Microsoft took less than a month to incorporate an Oracle Outside In patch and fix a critically rated remote code execution bug in Exchange Servers. The Microsoft patch is among three critical bulletins—eight overall—released today as part of its August 2013 Patch Tuesday security updates.
Oracle patched Outside In with its July Critical Patch Update (CPU); the technology allows developers to turn unstructured file formats into normalized files. MS13-061 includes the Outside In Patch, which is part of the WebReady Document Viewing and Data Loss Prevention features on Exchange Servers. Exploits could allow an attacker to remotely execute code if a user previews or opens a malicious file using Outlook Web App (OWA). The attacker would have the same privileges as the transcoding services on the Exchange Server; that would be the LocalService account for WebReady Document Viewing and the Filtering Management service for the DLP feature.

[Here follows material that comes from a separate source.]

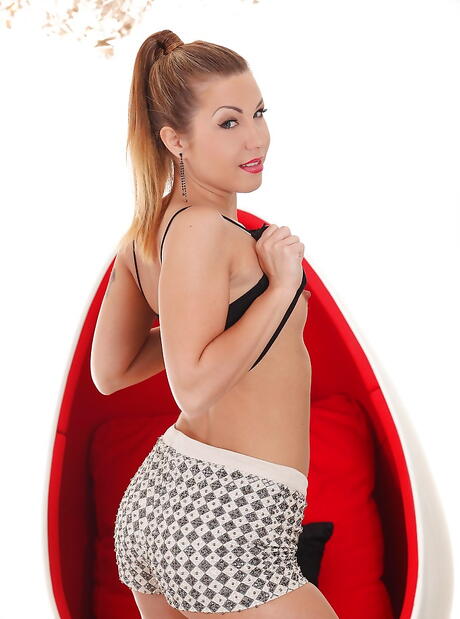Shapely cutie Cheryl S. in fancy shorts uncovers small tits and butt

Both, however, run with minimal privileges.
“If you run Exchange and your users have OWA, you should address this issue as quickly as possible,” said Qualys CTO Wolfgang Kandek. Microsoft also recommends a workaround that turns off Outside In document processing.
MS13-059 is another cumulative patch for Internet Explorer and repairs 11 remotely executable vulnerabilities in the browser, including a sandbox bypass vulnerability discovered and exploited by VUPEN researchers during the Pwn2Own contest in March. IE 6-10 is vulnerable to exploit; Microsoft said it is not aware of any active exploits for any of these vulnerabilities.

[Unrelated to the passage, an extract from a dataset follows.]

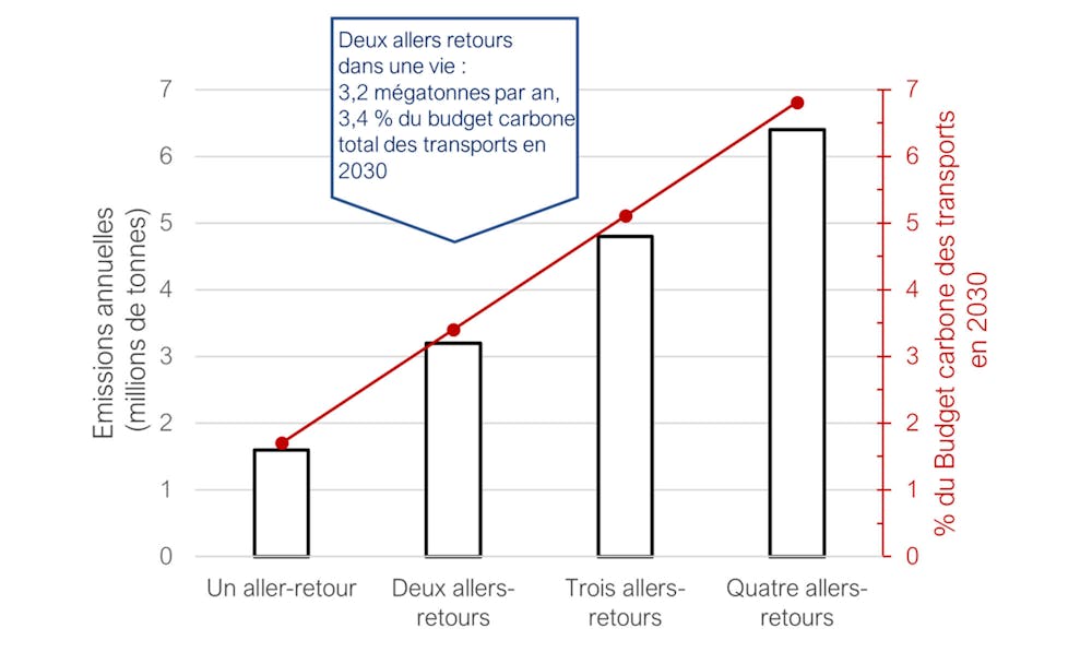 Cela pèserait d’autant plus au fil des années, le budget carbone diminuant : ces vols équivaudraient à 5 à 10 % du budget carbone total de la France en 2050.

The IE rollup includes patches for nine memory corruption vulnerabilities, as well as fixes for a privilege escalation flaw in the way in which the browser handles process integrity level assignment and an information disclosure cross-site scripting vulnerability in EUC-JP character encoding, Microsoft said.
“As usual with IE vulnerabilities, the attack vector would be a malicious webpage, either exploited by the attacker or it could be sent to the victim in a spear-phishing e-mail,” Kandek said. “Patch this immediately as the highest priority on your desktop system and wherever your users browse the web.”
The final critical bulletin, MS13-060, patches a Windows vulnerability in the Unicode Scripts Processor; the patch corrects the way Windows parses certain OpenType font characteristics. An exploit could allow an attacker to run code remotely if a user opens a malicious document or visits a website that supports OpenType fonts.
“A user would have to be induced to open a malicious file and this only affects Windows XP and 2003,” said Ross Barrett, senior manager of security engineering at Rapid7. “Both of these issues should be patched ASAP.” Microsoft also recommends two workarounds: either modifying the usp10.dll Access Control List to be more restrictive, or disabling support for parsing embedded fonts in IE.
The remaining bulletins were all rated Important by Microsoft.